What to Look For:A dark bottle in the refrigerated section
Storage:In the refrigerator

How It Is Made

Flaxseed oil is made when dried flaxseeds are put in a mechanical press and pressure is applied downwards. The oil is squeezed out of the seeds and allowed to rest for a number of days. This gives an opportunity for any sediment to sink and the remaining oil is sent through a final filter before bottling. The result is a polyunsaturated oil, very high in Omega-3 fatty acids. However, as a polyunsaturated oil, it is extremely vulnerable to turning rancid. This is why it is important to buy flaxseed oil in a dark bottle, in the refrigerated section of your supermarket.

It is important to note that, like sesame oil, flaxseed oil is a polyunsaturated. Extra care must be taken to purchase, store, and use it properly. It is included in this list because it is an excellent source of essential Omega-3 fatty acids. Because flaxseed oil is so expensive, it is best to think of it as a ‘nutritional supplement’ versus a standard cooking oil.

Recipe

Add a spoonful of flaxseed oil to the blender when making your morning smoothie. Drizzle it over a salad or a bowl of hummus. You can make these Flaxseed Crackers extra special by brushing a little flaxseed oil on them, at the end of their dehydrating, and sprinkling with spices. They will be extra flavorful and nutritious.

Ghee

Type of Fat:65% saturated
Health Benefits:Lactose free, high in Butyric Acid (good for colon) and rare vitamin K2,  anti-inflammatory
Taste/Smell:Intense buttery, rich, nutty
Heat:None → High
Maximum Temp:485°F
How to Use:All types of cooking
What to Look For:A glass jar, real ghee made from cow’s milk (not vegetable oils)
Storage:Cupboard for semi-solid / refrigerator for solid

How It Is  Made

While not technically an oil, ghee deserves an honorable mention.
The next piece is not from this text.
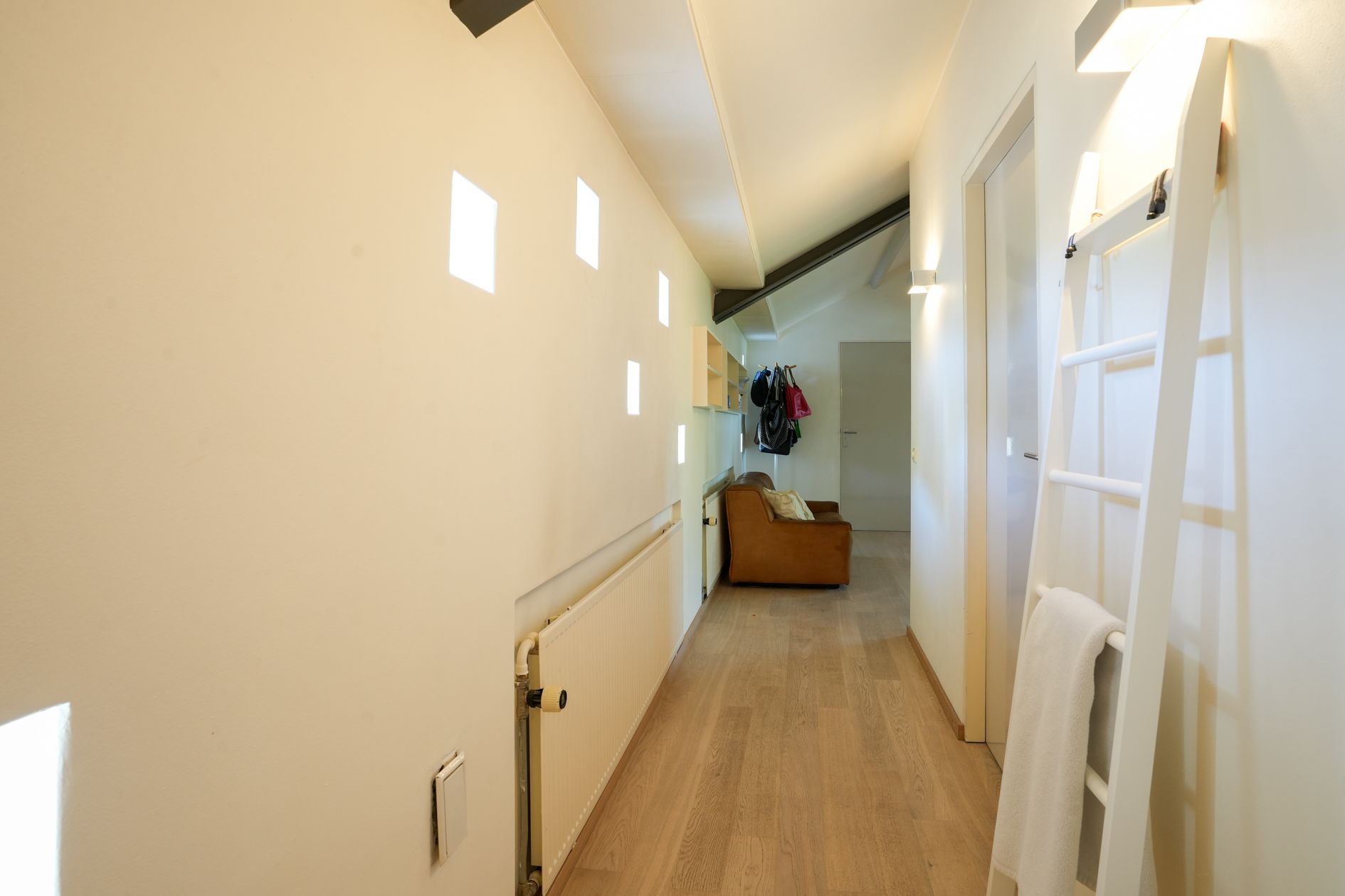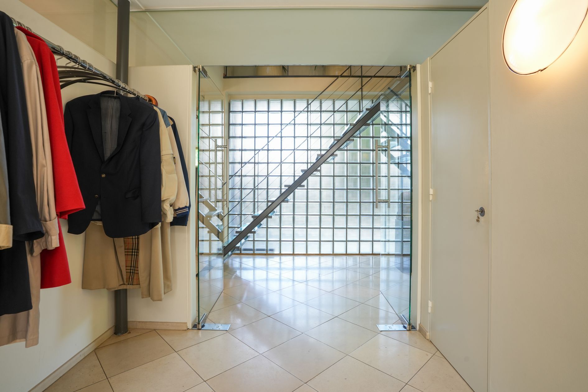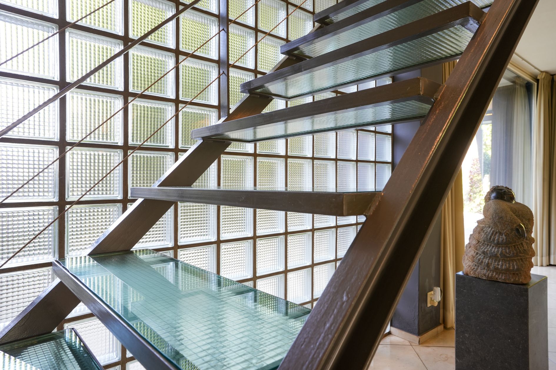 De overloop op de verdieping is speels voorzien van (enkele te openen) glazen bouwstenen.

It is another fat popular in Eastern cooking and traditional medicine. Culinarily, it performs exactly like an oil. Ghee is made by simmering butter and skimming off the foamy milk solids from the surface. If you have ever accidentally let a pan of melting butter burn, then you know the distinct smell and brown-black colour. That is caused by the milk in butter! By removing this component, a.k.a. clarifying the butter, the leftover pure fat (ghee) can withstand high temperatures. Spices are often incorporated in the simmering process to make special flavours of ghee.  

Recipe

Why not try making your own ghee?! You can keep it on hand in a glass jar, ready to saute veggies, stir in to mashed potatoes, or spread on toast.

Instructions:

  1. Use your highest quality pot to bring a brick of unsalted grass-fed butter to a low simmer. After it has melted, the butter will separate into three layers: a foamy top, pure butter in the middle, and milk solids on the bottom.
  2. Hold the melted butter at the medium-low temperature until the middle layer intensifies in colour. Be patient and do not raise the heat! You can use a spoon to push away the foamy layer and check on the clarified butter.
  3. When you are happy with how the middle layer looks and smells, turn off the heat and skim off all the foamy milk into a separate bowl. Wait a minute for pot’s contents to resettle.
  4. Then, slowly pour out the golden middle layer through a strainer and into a clean, glass jar. The solid milk particles will be left behind in the pan. Store your ghee in a cool, dry place. It will keep for several weeks at room temperature.

*Bonus: To make an Indian Spiced Ghee, try adding a teaspoon of any of the following spices while the butter is simmering: mustard seeds, cumin seeds, turmeric, coriander, ginger, cinnamon, cardamom pods, and fennel seeds.